By alkyl is meant in all cases a straight-chain or branched chain with 1-5 carbon atoms. The methyl, ethyl, isobutyl, sec-butyl, t-butyl and n-pentyl groups are preferably used. The alkyl chains may optionally be substituted with halogen, such as fluorine,

chlorine and bromine, or an amino or hydroxy group. As further substituents, the carbamoyloxy group, preferably the 2-cyan-1-aziridine carbonyloxy group, an imido group, such as e.g. the phthalimido group, a heterocyclic group, especially 2-tetrahydro-furyl or The 2-tetrahydrothienyl group, the alkoxy or cycloalkyl groups use. Alkoxy under the substituents X and R in all cases means a group with 1-5 carbon atoms, preferably methoxy, ethoxy and isopropoxy. Cycloalkyl means groups with 3-10 carbon atoms, especially cyclopropyl, cyclopentyl, cyclohexyl as well as bridge-containing cycloalkyl groups such as e.g. boron-nyl group. Unsaturated alkyl groups are above all allyl-

and the crotyl group.

As an aryl group, aromatics with 6 -

10 carbon atoms, such as phenyl and naphthyl.

Aralkyl preferably denotes benzyl and phenethyl, while aryloxyalkyl preferably denotes 2-phenoxyethyl, and arylthioalkyl preferably denotes 2-phenylthioethyl.

As thioalkyl, methylthio is primarily used, and alkylsulfonyl is preferably methylsulfonyl. The acyl group is preferably the formyl and acetyl groups. Halogen means fluorine, chlorine and bromine. The aryl group can in all cases be substituted one or more times with the listed substituents.

The object of the invention is also all isomeric forms of a compound of the general formula I, which are obtained due to the asymmetric carbon atoms.

The subject matter of the invention is further the new compounds with the general formula:

where

X is a nitrile, carbamoyl or alkoxycarbonyl group,

R' is a straight-chain or branched, saturated or unsaturated alkyl group which may optionally be substituted with halogen, alkoxy,

amino, carbamoyloxy, cycloalkyl, hydroxy or imido or a heterocyclic group, or R' can be a cycloalkyl, aryl,

aralkyl, aryloxyalkyl or arylthioalkyl, whereby the aryl group may optionally be substituted with halogen, alkyl, alkoxy, hydroxy, amino, nitro, cyano, acyl, carbaloxy, thioalkyl, alkylsulfonyl, phenyl or trifluoromethyl,

in that when X is a nitrile group, R<*> cannot be ethyl .

As already mentioned, the connections with the general have

formula I surprisingly has a distinct immunostimulating effect.
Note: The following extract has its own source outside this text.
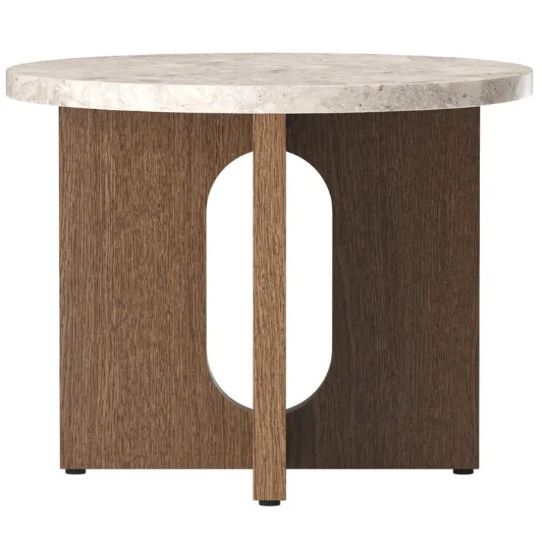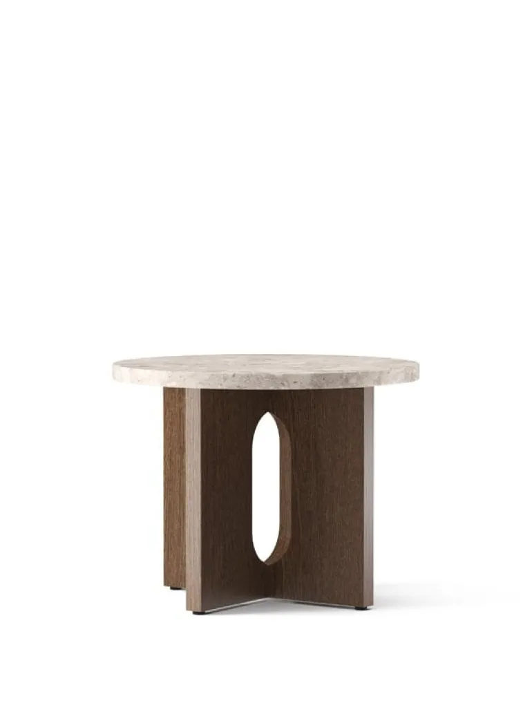 Audo Copenhagens sidobord Androgyne är en charmig kombination av kontraster. Bordet är tillverkat av ekfaner och unik Kunis Beccia-sten, och spelar med både maskulina och feminina element, som mixen mellan mjukt formade delar och skarpa kanter samt simpla men vågade silhuetter. Danielle Siggerud designade ursprungligen Androgyne-bordet för Menu Space Café i Köpenhamn, och det stilfulla lilla bordet sattes snabbt i större produktion. Androgyne passar bra bredvid fåtöljen, soffan, sängen eller fönstret.

Moreover, when X is a nitrile group, they are valuable starting materials for the preparation of 2-cyano-1-aziridine carboxamide. For this, compounds of the general formula I where X is a nitrile group are reacted with ammonia to form 2-cyan-1-aziridine-carboxamide.
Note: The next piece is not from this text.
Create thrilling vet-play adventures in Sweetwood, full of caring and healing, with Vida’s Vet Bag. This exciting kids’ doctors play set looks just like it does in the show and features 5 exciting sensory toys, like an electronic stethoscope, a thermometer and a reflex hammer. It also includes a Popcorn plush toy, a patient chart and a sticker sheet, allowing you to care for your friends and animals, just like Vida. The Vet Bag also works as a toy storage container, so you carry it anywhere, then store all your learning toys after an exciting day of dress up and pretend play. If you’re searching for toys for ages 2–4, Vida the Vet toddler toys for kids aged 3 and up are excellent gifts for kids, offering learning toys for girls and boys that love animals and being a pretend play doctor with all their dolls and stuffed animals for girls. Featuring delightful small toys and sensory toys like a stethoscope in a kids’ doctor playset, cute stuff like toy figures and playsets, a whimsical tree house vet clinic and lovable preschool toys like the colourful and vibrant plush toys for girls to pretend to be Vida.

The compounds of the general formula I can be prepared by

methods known in and of themselves, preferably in that

a) an aziridine derivative of the general formula:

where

X is, as stated above, reacted with a halogen formic acid ester of the general formula:

where R is as indicated above, and Hal is chlorine or bromine, or b) a compound of the general formula:

where X, R and Hal are as indicated above, treated with halogen-releasing reagents, or c) a compound of the general formula:

where X and R are as above, by catalytic or photochemical

nitrogen removal is transferred to a compound of the general formula I, and that subsequently compounds of the general formula I are subsequently transferred to other compounds of the general formula

formula I.

The subsequent transfer of compounds with the general formula I to other compounds with the general formula I can optionally take place by transferring the substituent X. Here, e.g. compounds where X is alkoxycarbonyl, by reaction with ammonia are transferred to compounds where X is carbamoyl, as these can again be transferred with dehydrating agents to compounds where X is nitrile.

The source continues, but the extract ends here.